Assigned task: Beginning with the line containing "박윤희 대구시 청년여성교육국장은" and going on through the line containing "Zen Tree, Gardening", the lines below are to be returned exactly, pictures excluded and nothing added.

Working data:
--

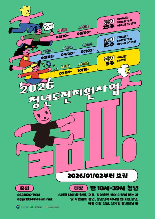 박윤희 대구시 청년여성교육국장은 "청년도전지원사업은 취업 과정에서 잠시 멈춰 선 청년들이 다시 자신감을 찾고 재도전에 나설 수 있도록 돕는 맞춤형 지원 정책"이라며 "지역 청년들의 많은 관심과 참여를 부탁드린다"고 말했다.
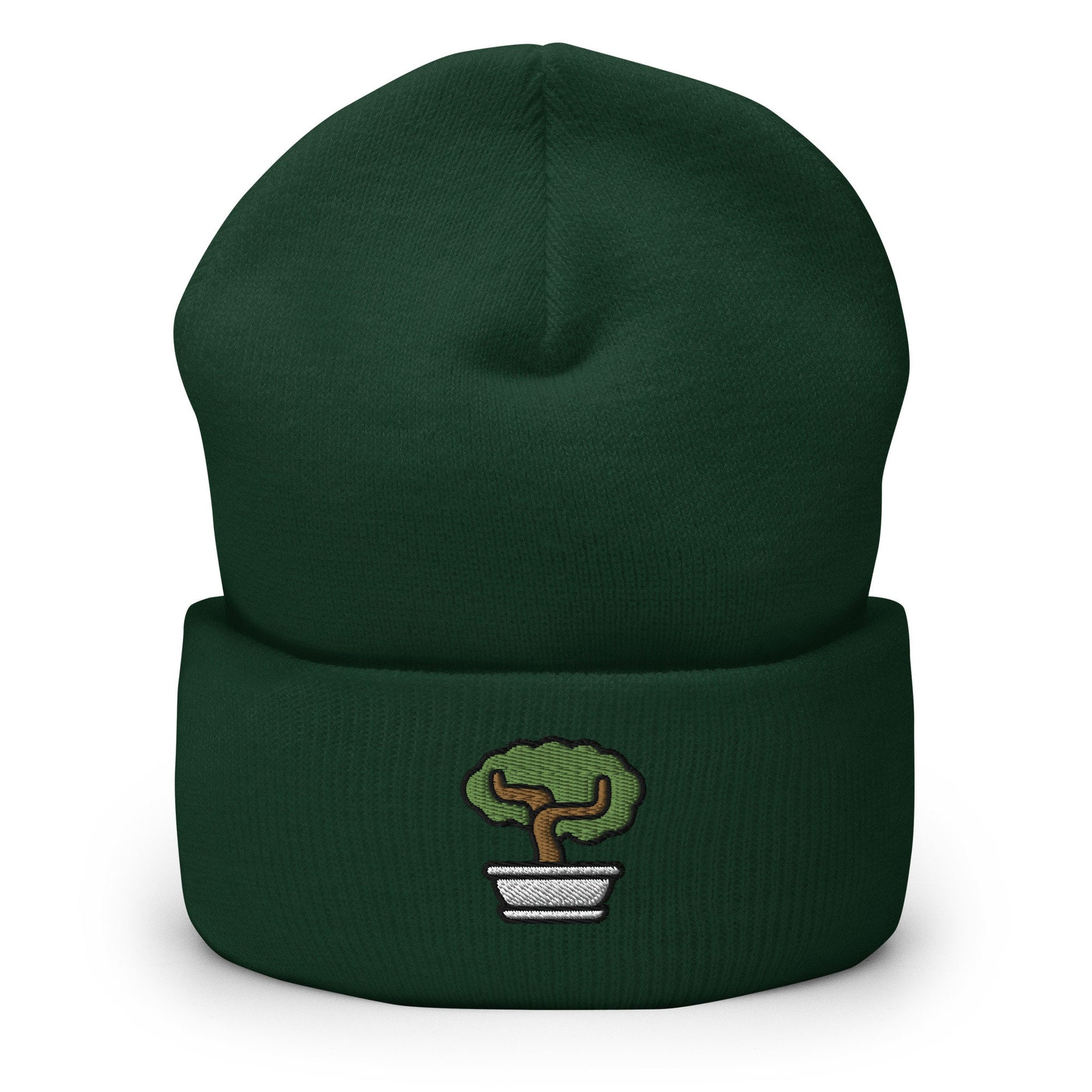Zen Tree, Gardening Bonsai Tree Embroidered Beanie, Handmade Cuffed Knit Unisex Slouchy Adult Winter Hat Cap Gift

--

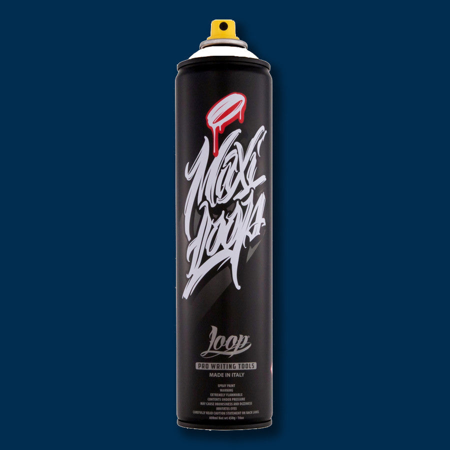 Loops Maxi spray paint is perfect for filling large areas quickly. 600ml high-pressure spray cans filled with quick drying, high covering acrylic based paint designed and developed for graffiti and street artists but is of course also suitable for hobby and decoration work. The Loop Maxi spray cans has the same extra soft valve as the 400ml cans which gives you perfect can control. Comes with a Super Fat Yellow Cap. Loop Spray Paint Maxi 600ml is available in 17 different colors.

--

Response box:
 박윤희 대구시 청년여성교육국장은 "청년도전지원사업은 취업 과정에서 잠시 멈춰 선 청년들이 다시 자신감을 찾고 재도전에 나설 수 있도록 돕는 맞춤형 지원 정책"이라며 "지역 청년들의 많은 관심과 참여를 부탁드린다"고 말했다.
Zen Tree, Gardening Bonsai Tree Embroidered Beanie, Handmade Cuffed Knit Unisex Slouchy Adult Winter Hat Cap Gift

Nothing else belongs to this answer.